How to pick a historical subdiscipline?

by voxoe

I'm currently pursuing my BA in history and hopefully will be going on to get an MA (and hopefully a PhD!) also in history. However, the more I learn and the more I research, the harder it becomes to actually decide on a specific time period or focus. I love material culture and social history but I also adore political and labor history. How did you decide on your subdiscipline/focus, and what made you realize that was the time period/issue/aspect of life you wanted to focus on?

Temponautics

Follow your heart! I know it sounds like a cliché, but the things you are really interested in now, as an undergraduate, are the areas that will most likely still interest you later, too. I ended up side-dabbling in political science as an undergrad out of sheer interest, and while I saw myself in the future as a 18th/19th century history of ideas kinda guy, for which I applied as a grad student, life pulled me simply back into 20th century foreign policy. I switched back into that field only after entering the Ph.D. program, and eventually became (nominally) a Cold War guy rather than the 19th century political philosophy guy I once thought I would be.
I think that graduate programs make a bit of a mistake by wanting to nail you down too early.

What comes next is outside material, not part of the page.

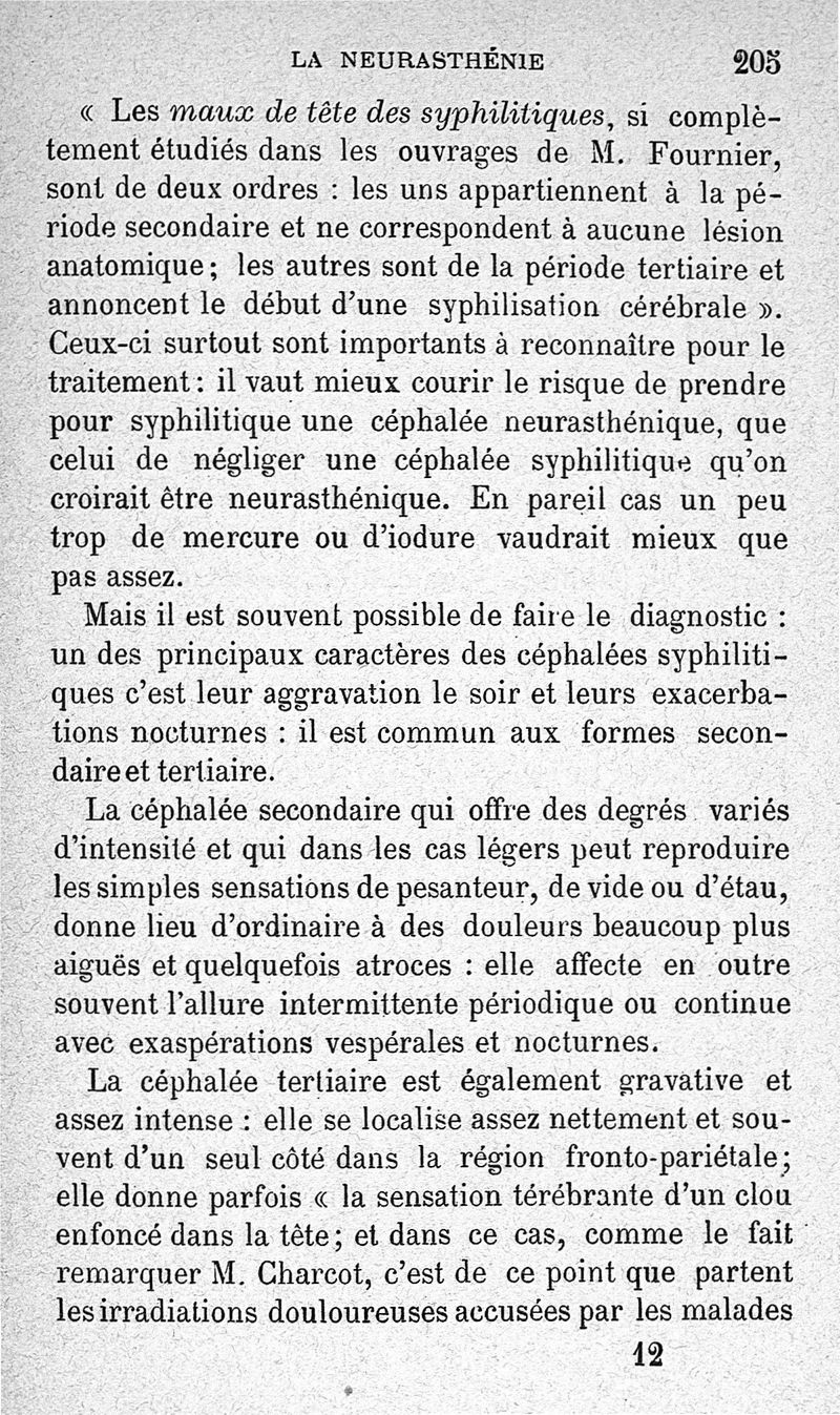 La neurasthénie, maladie de Beard, méthodes de Weir-Mitchell et Playfair, traitement de Vigouroux ; avec une préface du Pr Charcot et suivie d'une note thérapeutique par le Dr Vigouroux

Do not be deterred by that -- you can still switch to other areas.

As for other general advice (which someone should have given me properly): make sure you network. Network, network, network. Go to conferences, meet people, stay in their address books, keep them in yours. It all pays off later. I was almost autistically only interested in knowledge, and not so much in building a professional network, but it is what will carry you through. (My wife is tenured -- I left academia eventually).